Unlike the conventional credit cards that are used by the city elites, the UPI credit lines are to be offered to a larger spectrum, not to mention the Tier 2 and rural subscribers to the credit where 60 percent of new credit is generated. The platform allows QR-based payments with 300 million users of UPI and 50 million merchants, making it the perfect way to make small, daily purchases, in other words, at kirana stores and local markets. Kiwi, a fintech partner of Yes Bank and Axis Bank, has users averaging 40 transactions a month, compared to eight times as is the norm with traditional cardholders. This flood has increased the transaction volume of RuPay credit cards (percentage-wise) to 12 percent in 2024 as against 3 percent in 2023.
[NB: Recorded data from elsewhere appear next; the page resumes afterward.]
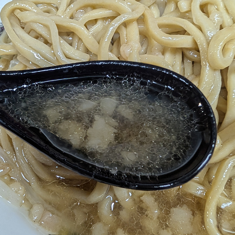 背脂が入ったスープはカネシ醤油がしっかりと香る。濃いめの味付けなので太めの麺にも負けていない。
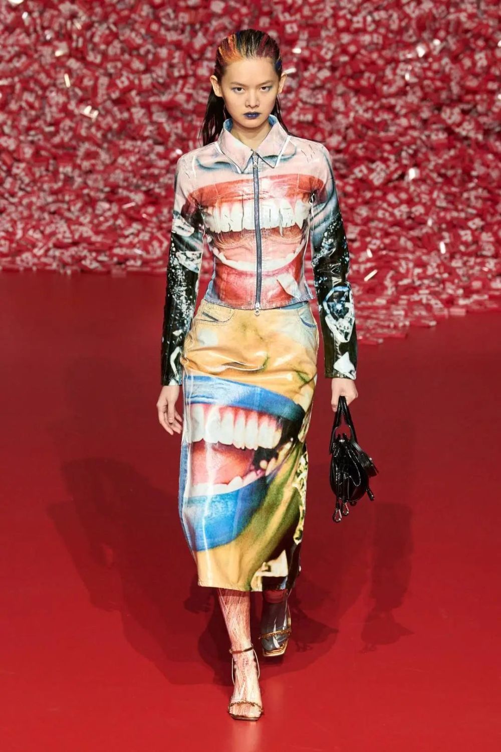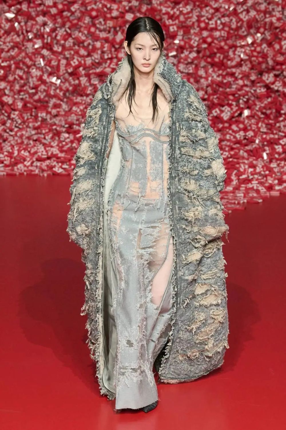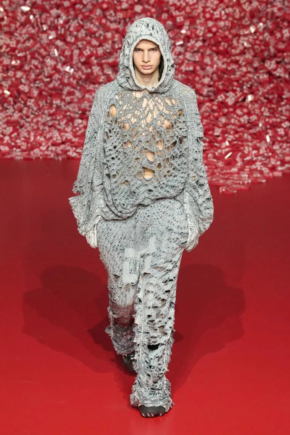 秀场中央堆满了 200,000 个猩红色杜蕾斯纸盒,充满视觉冲击力。整个系列都在探索自由、快乐和实验的主题。模特穿着经过特殊处理的欧根纱丹宁面料、印有搞怪的人脸的数码印花、涂抹金属色泽颜料的皮革材质,展现着?Glenn Martens 带给新世代的性感。
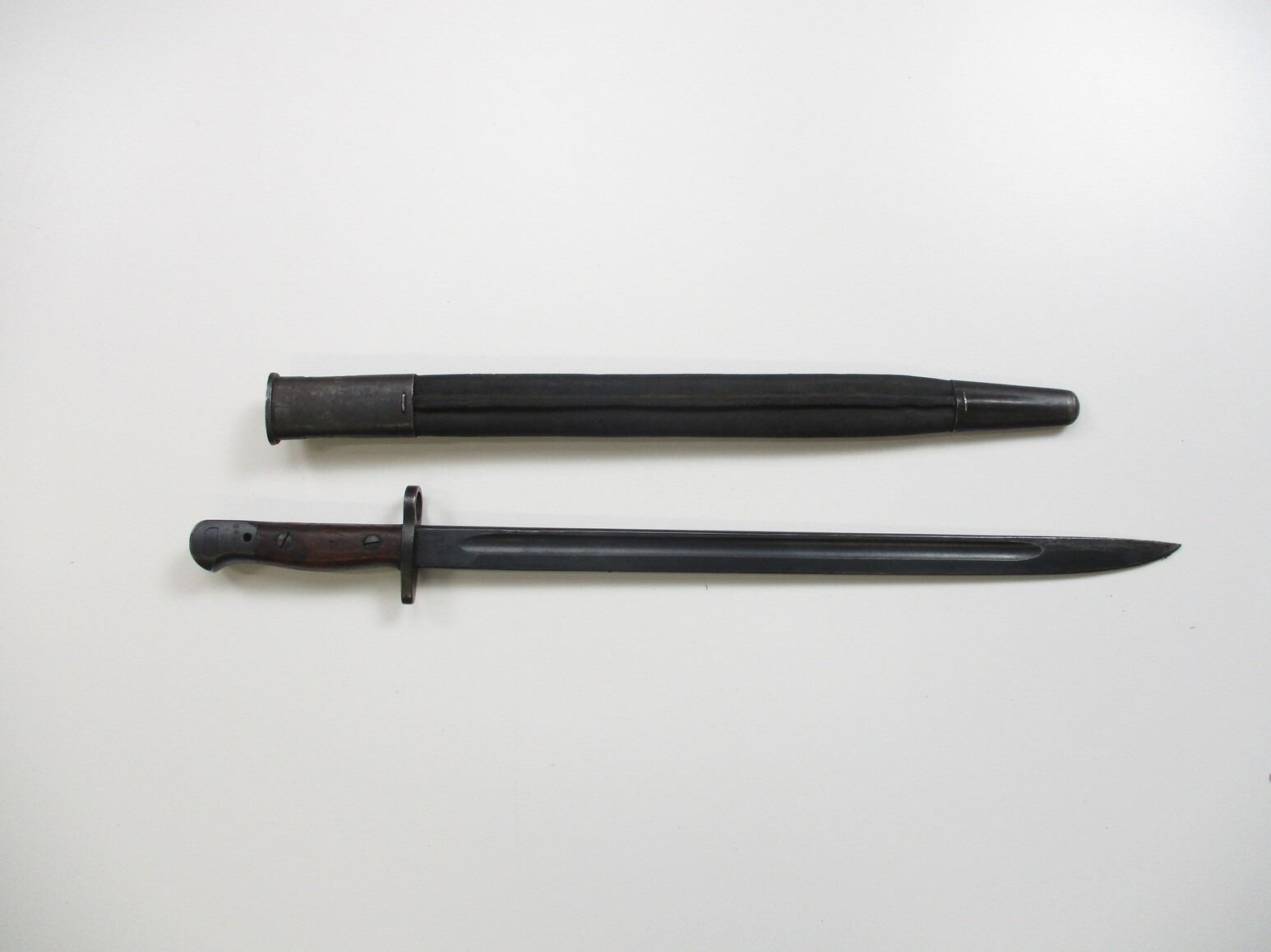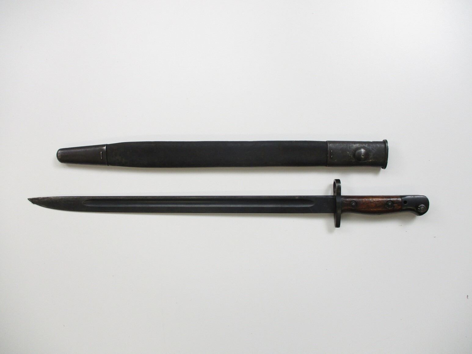 AUSTRALIAN 1907 PATTERN BAYONET, (1) FITS .303 CALIBER SHORT MAGAZINE LEE-ENFIELD NO. I MK.III (SMLE) RIFLE, RICASSO MARKED: "MA" OVER "1907", "3 '28" OVER "LITHGOW", OPPOSITE SIDE MARKED: "X (BEND TEST)", "MA", OTHER PROOF MARKS & BROAD ARROW, 2-PIECE WOOD GRIP, METAL IN-BETWEEN WOOD MARKED WITH CROWN, METAL POMMEL MARKED: "16533" & PROOF MARK, LEATHER & METAL SCABBARD WITH PROOF MARK, BLADE APPROX. 17" & OAL APPROX. 21 5/8".
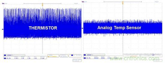 圖6:熱敏電阻與模擬溫度傳感器在連接到開(kāi)關(guān)穩(wěn)壓器時(shí)的噪聲實(shí)驗(yàn)

This transition is supported by the Reserve Bank of India (RBI), which launched a pre-approved UPI credit channel in 2023 that can be used to boost financial inclusion. These lines are using real-time dollars and cents transaction data to make smarter underwriting, leading to reduced risks of defaults by underserved borrowers. In a 2024 study, a 10 percent increase in UPI transactions was observed to increase credit access by 7 percent, especially among subprime and new-to-credit users, with no surge in defaults. But the road ahead is not easy. There are rising delinquencies (3.6 percent at 90+ days past due) and a 28 percent jump in NPAs on credit cards to Rs 6,742 crore in June 2025 to watch out for. Prime borrowers are the ones that banks are focusing on, increasing competition over trusted customers.
The new set of NPCI guidelines that will be put in place on August 1, 2025, to limit balance requests per day to 50 and pay down autopay at off-peak times is an attempt to keep the UPI infrastructure on a firm footing against this credit boom. Such measures are scalable and convenient to the user. As India has a credit-to-GDP ratio of 40%, which is low by the standards of developed markets, the digital rails provided by UPI offer an inclusive, scalable, and available way to close that credit gap and change how Indians can borrow and spend.